Adds a spec to change the method we use to get information from the server to the agents. Rather than the server notifying the agent to call the server, we can just put the relevant data in the notification itself to improve scalability and reliability. The bulk of this spec is dealing with the message ordering guarantee we will need to accomplish this. It also has some work items to help improve our current pattern. Related-Bug: #1516195 Change-Id: I3af200ad84483e6e1fe619d516ff20bc87041f7c
2015-09-17 05:57:07 -07:00
parent 1651d6a0bd
commit 875253ecec
1 changed files with 335 additions and 0 deletions
--- a/specs/newton/push-notifications.rst
+++ b/specs/newton/push-notifications.rst
@@ -0,0 +1,335 @@
+..
+ This work is licensed under a Creative Commons Attribution 3.0 Unported
+ License.
+
+ http://creativecommons.org/licenses/by/3.0/legalcode
+
+=============================
+Push Notifications for Agents
+=============================
+
+RFE:
+https://bugs.launchpad.net/neutron/+bug/1516195
+
+Launchpad blueprint:
+https://blueprints.launchpad.net/neutron/+spec/push-notifications
+
+The current method we use to get information from the server to the agent
+is driven by notification and error-triggered calls to the server by the agent.

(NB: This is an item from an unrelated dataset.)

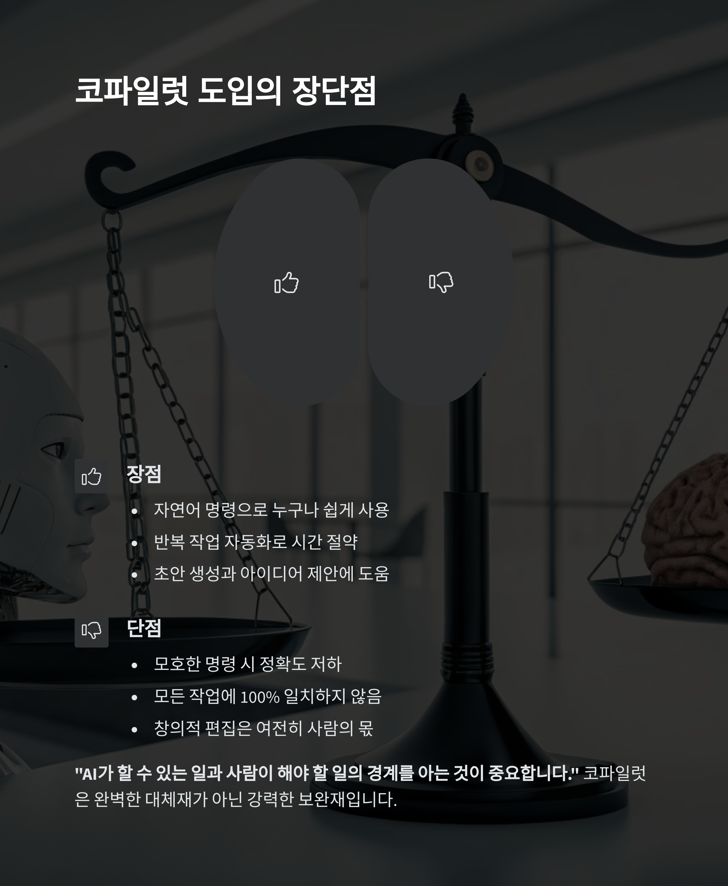 | 창의성 | 초안 생성, 아이디어 제안에 도움 | 창의적 편집은 여전히 사람 몫 |

+So during normal operation, the server will send out a notification that a
+specific object has changed (e.g. a port) and then the agent will respond
+to that by querying the server for information about that port. If the
+agent encounters a failure while processing changes, it will start over
+and re-query the server in the process.
+
+The load on the server from this agent-driven approach can be very
+unpredictable depending on the changes to object states on the neutron
+server. For example, a single network update will result in a query from
+every L2 agent with a port on that network.
+
+This blueprint aims to change the pattern we use to get information to the
+agents to primarily be based on pushing the object state out in the change
+notifications. For anything not changed to leverage this method of retrieval
+(e.g. initial agent startup still needs to poll), the AMQP timeout handling
+will be fixed to ensure it has an exponential back-off to prevent the agents
+from stampeding the server.
+
+
+Problem Description
+===================
+
+An outage of a few agents and their recovery can lead to all of the agents
+drowning the neutron servers with requests. This can cause the neutron servers
+to fail to respond in time, which results in more retry requests building up,
+leaving the entire system useless until operator intervention.
+
+This is caused by 3 problems:
+
+* We don't make optimal use of server notifications. There are times when
+  the server will send a notification to an agent to inform it that something
+  has changed. Then the agent has to make a call back to the server to get the
+  relevant details. This means a single L3 rescheduling event of a set of
+  routers due to a failed L3 agent can result in N more calls to the server
+  where N is the number of routers. Compounding this issue, a single agent
+  may make multiple calls to the server for a single operation (e.g. the L2
+  agent will make one call for port info, and then another for security group
+  info).
+
+* The agents will give up after a short period of time on a request and retry
+  the request or issue an even more expensive request (e.g. if synchronizing
+  info for one item fails, a major issue is assumed so a request to sync all
+  items is issued). So by the time the server finishes fulfilling a request,
+  the client is no longer waiting for the response so it goes in the
+  trash. As this compounds, it leaves the server processing a massive queue
+  of requests that won't even have listeners for the responses.
+
+* Related to the second item is the fact that the agents are aggressive in
+  their retry mechanisms. If a request times out, that request is immediately
+  retried with the same timeout value; that is, they have no back-off
+  mechanism. (This has now been addressed by
+  https://review.openstack.org/#/c/280595/ which adds backoff,
+  sleep, and jitter.)
+
+
+Proposed Change
+===============
+
+Eliminate expensive cases where calls are made to the neutron server in
+response to a notification generated by the server. In most of these cases
+where the agent is just asking for regular neutron objects
+(e.g. ports, networks), we can leverage the RPC callbacks mechanism
+introduced in Liberty[1] to have the server send the entire changed object
+as part of the notification so the agent has the information it needs.
+
+The main targets for this will be the security group info call,
+the get_device_details call, and the sync_routers call. Others will be
+included if the change is trivial once these three are done.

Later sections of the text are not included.